In Reuters reports dated Jan. 22 and Jan. 23, Intel said demand is rising for its traditional server chips used in AI data centers, but internal supply constraints are limiting how much it can ship—setting up a tougher near-term picture even as the broader AI buildout continues.
Weak outlook triggers selloff
Intel forecast first-quarter revenue of $11.7 billion to $12.7 billion, compared with an analyst average estimate of $12.51 billion, according to LSEG data cited by Reuters.
The company also said it expects adjusted earnings per share to break even in the first quarter, versus expectations for an adjusted profit of 5 cents per share.
After Intel released its outlook, its shares fell roughly 5% in extended trading in the Jan. 22 report.
In the Jan. 23 report carried on Yahoo Finance, Intel shares fell 12% in premarket trading, reflecting investor concern that the company could not meet strong AI-driven demand for data-center chips.
If the premarket decline held, it would translate to about $31 billion being wiped from Intel’s market value.
AI demand is up, but supply is tight
Investors have been counting on massive data-center buildouts by large technology companies to lift sales of Intel’s traditional server chips, which are used alongside Nvidia’s market-leading graphics processing units.
But Intel has struggled to match supply to that demand, even while running its factories at full capacity, according to the Jan. 23 report.
Intel Chief Financial Officer David Zinsner said supply availability is expected to be at its lowest in the first quarter and then improve in the second quarter and beyond.
The report said Jefferies analysts also expected Intel’s supply constraints to bottom out in March.
The same report said Oppenheimer’s view was that shortages should begin easing in the second quarter.
Production transition and PC-market risks
Intel is dealing with delays in transitioning its semiconductor production, which has made it harder to ramp output of its data-center processors.
The Jan. 23 report also pointed to a global memory supply shortage, warning that anticipated price increases could weigh on demand in personal computers—Intel’s largest market.

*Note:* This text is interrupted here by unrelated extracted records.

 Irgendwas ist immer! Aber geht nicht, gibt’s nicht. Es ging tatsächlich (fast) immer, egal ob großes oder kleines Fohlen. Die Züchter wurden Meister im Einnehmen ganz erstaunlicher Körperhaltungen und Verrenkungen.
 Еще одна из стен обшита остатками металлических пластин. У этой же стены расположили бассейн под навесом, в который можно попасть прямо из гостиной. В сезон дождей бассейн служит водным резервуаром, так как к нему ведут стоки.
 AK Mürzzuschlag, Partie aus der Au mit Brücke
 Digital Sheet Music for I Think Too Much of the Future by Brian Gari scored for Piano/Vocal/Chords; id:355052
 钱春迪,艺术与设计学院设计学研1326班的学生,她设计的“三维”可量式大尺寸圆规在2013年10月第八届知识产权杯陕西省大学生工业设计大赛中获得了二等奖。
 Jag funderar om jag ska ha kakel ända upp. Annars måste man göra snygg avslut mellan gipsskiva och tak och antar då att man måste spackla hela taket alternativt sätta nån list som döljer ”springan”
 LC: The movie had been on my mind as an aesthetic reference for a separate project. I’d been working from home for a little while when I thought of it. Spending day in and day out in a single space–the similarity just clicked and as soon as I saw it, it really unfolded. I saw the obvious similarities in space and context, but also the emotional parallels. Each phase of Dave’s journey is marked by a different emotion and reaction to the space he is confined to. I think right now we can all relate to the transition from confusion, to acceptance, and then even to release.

Hopes in that PC segment had been tied to Intel’s new “Panther Lake” PC chips, which were expected to help the company after it lost market share to AMD.

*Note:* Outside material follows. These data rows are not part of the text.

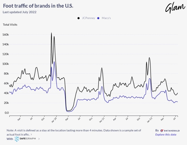 According to data collected by SafeGraph, JCPenney and Macy's both hit all-time high foot traffic scores in the U.S. during winter 2019, just before the COVID-19 pandemic. Then, their foot traffic numbers understandably suffered a massive decline during initial lockdowns in April 2020. Now that over two years have passed, both department stores haven't been able to get as many visits as they did during pre-COVID life. But why is this happening?
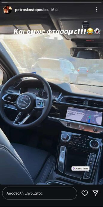 Ο ίδιος έκανε και σχετικό story από το Τέξας, ενώ πριν λίγες ημέρες ανάρτηση από το Τέξας έκανε και η Τζένη Μπαλατσινού.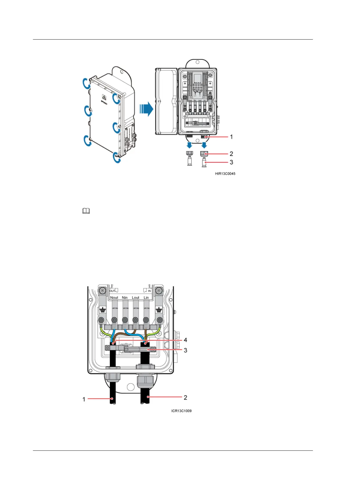 (1) PG connector (2) Thread-lock sealing nut of the PG connector (3) Waterproof block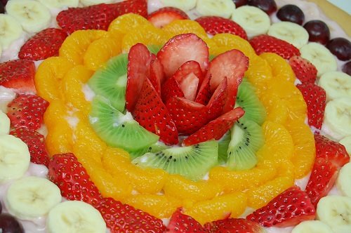 סדרו את הפירות על גבי העוגה בצורה מעגלית.

In the Jan. 22 report, Intel also cited industry-wide supply shortages, with Zinsner saying, “We navigated industry-wide supply shortages,” while reiterating expectations that supply would be weakest in Q1 before improving later.

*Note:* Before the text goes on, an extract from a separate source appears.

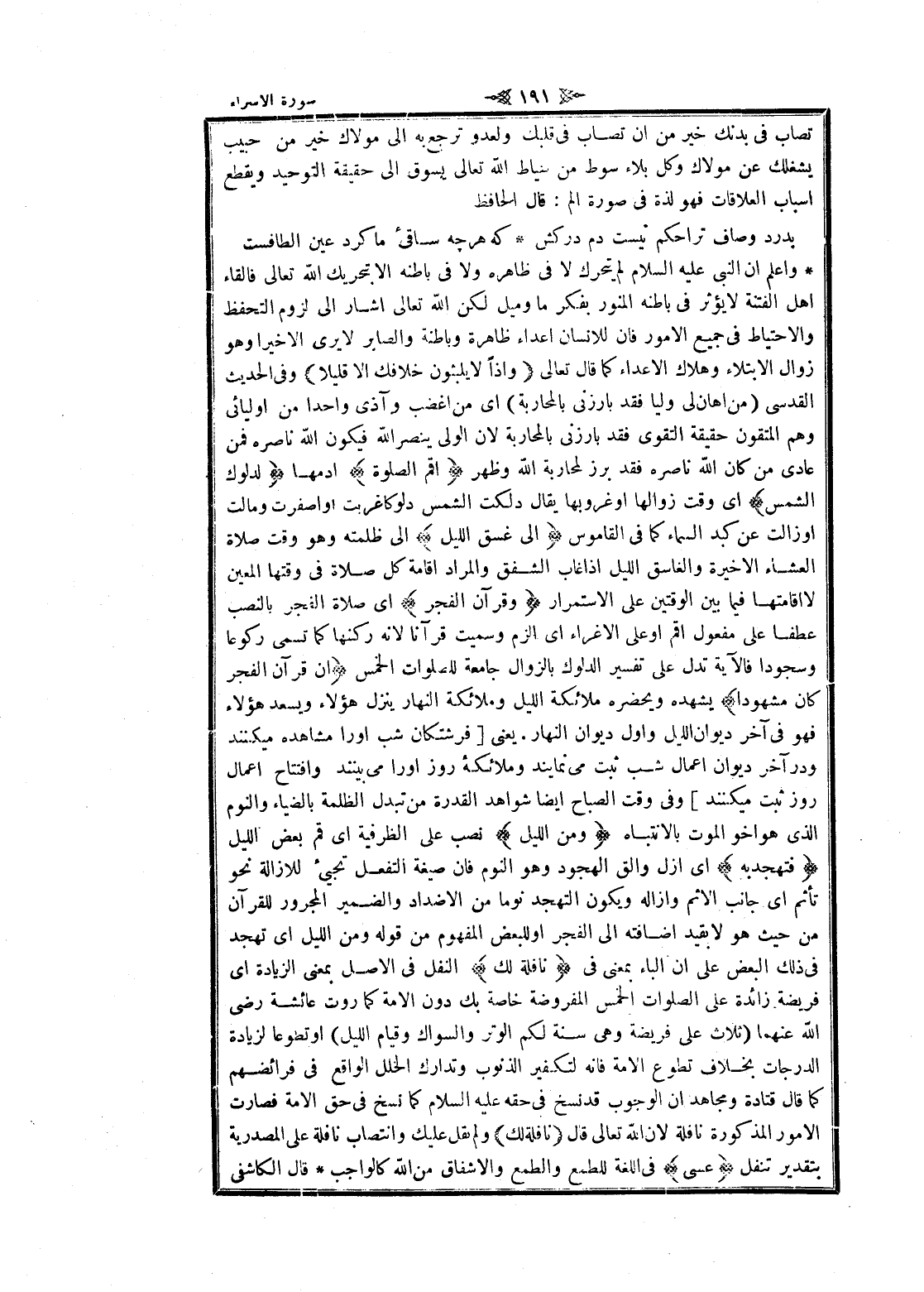 واعلم ان النبي عليه السلام لم يتحرك لا فى ظاهره ولا فى باطنه الا بتحريك الله تعالى فالقاء اهل الفتنة لا يؤثر فى باطنه المنور بفكر ما وميل لكن الله تعالى أشار الى لزوم التحفظ والاحتياط فى جميع الأمور فان للانسان اعداء ظاهرة وباطنة والصابر لا يرى إلا خيرا وهو زوال الابتلاء وهلاك الأعداء كما قال تعالى وَإِذاً لا يَلْبَثُونَ خِلافَكَ إِلَّا قَلِيلًا وفى الحديث القدسي (من أهان لى وليا فقد بارزني بالمحاربة) اى من اغضب وآذى واحدا من أوليائي وهم المتقون حقيقة التقوى فقد بارزني بالمحاربة لان الولي ينصر الله فيكون الله ناصره فمن عادى من كان الله ناصره فقد برز لمحاربة الله وظهر أَقِمِ الصَّلاةَ ادمها لِدُلُوكِ الشَّمْسِ اى وقت زوالها او غروبها يقال دلكت الشمس دلوكا غربت او اصفرت ومالت او زالت عن كبد السماء كما فى القاموس إِلى غَسَقِ اللَّيْلِ الى ظلمته وهو وقت صلاة العشاء الاخيرة والغاسق الليل إذا غاب الشفق والمراد اقامة كل صلاة فى وقتها المعين لا إقامتها فيما بين الوقتين على الاستمرار وَقُرْآنَ الْفَجْرِ اى صلاة الفجر بالنصب عطفا على مفعول أقم او على الإغراء اى الزم وسميت قرآنا لانه ركنها كما تسمى ركوعا وسجودا فالآية تدل على تفسير الدلوك بالزوال جامعة للصلوات الخمس إِنَّ قُرْآنَ الْفَجْرِ كانَ مَشْهُوداً يشهده ويحضره ملائكة الليل وملائكة النهار ينزل هؤلاء ويسعد هؤلاء فهو فى آخر ديوان الليل وأول ديوان النهار. يعنى [فرشتكان شب او را مشاهده ميكنند ودر آخر ديوان اعمال شب ثبت مى نمايند وملائكه روز او را مى بينند وافتتاح اعمال روز ثبت ميكنند] وفى وقت الصباح ايضا شواهد القدرة من تبدل الظلمة بالضياء والنوم الذي هو أخو الموت بالانتباه وَمِنَ اللَّيْلِ نصب على الظرفية اى قم بعض الليل فَتَهَجَّدْ بِهِ اى ازل والق الهجود وهو النوم فان صيغة التفعل تجيئ للازالة نحو تأثم اى جانب الإثم وازاله ويكون التهجد نوما من الاضداد والضمير المجرور للقرآن من حيث هو لا بقيد إضافته الى الفجر او للبعض المفهوم من قوله ومن الليل اى تهجد فى ذلك البعض على ان الباء بمعنى فى نافِلَةً لَكَ النفل فى الأصل بمعنى الزيادة اى فريضة زائدة على الصلوات الخمس المفروضة خاصة بك دون الامة كما روت عائشة رضى الله عنهما (ثلاث على فريضة وهى سنة لكم الوتر والسواك وقيام الليل) او تطوعا لزيادة الدرجات بخلاف تطوع الامة فانه لتكفير الذنوب وتدارك الخلل الواقع فى فرائضهم كما قال قتادة ومجاهد ان الوجوب قد نسخ فى حقه عليه السلام كما نسخ فى حق الامة فصارت الأمور المذكورة نافلة لان الله تعالى قال نافِلَةً لَكَ ولم يقل عليك وانتصاب نافلة على المصدرية بتقدير تنفل عَسى فى اللغة للطمع والطمع والإشفاق من الله كالواجب قال الكاشفى

Leadership details differ across reports
The Jan. 22 report described Intel’s turnaround strategy under CEO Pat Gelsinger, saying he had pushed a revival plan focused on cost cuts, streamlined management, and a new product strategy.
However, the Jan. 23 report described Intel’s strategy under CEO Lip-Bu Tan, saying he has emphasized cost reductions and pulling back on large contract manufacturing plans.
The report also said Tan’s comments on a post-earnings call indicated two customers had progressed to evaluating the technical specifications of Intel’s upcoming 14A manufacturing technology.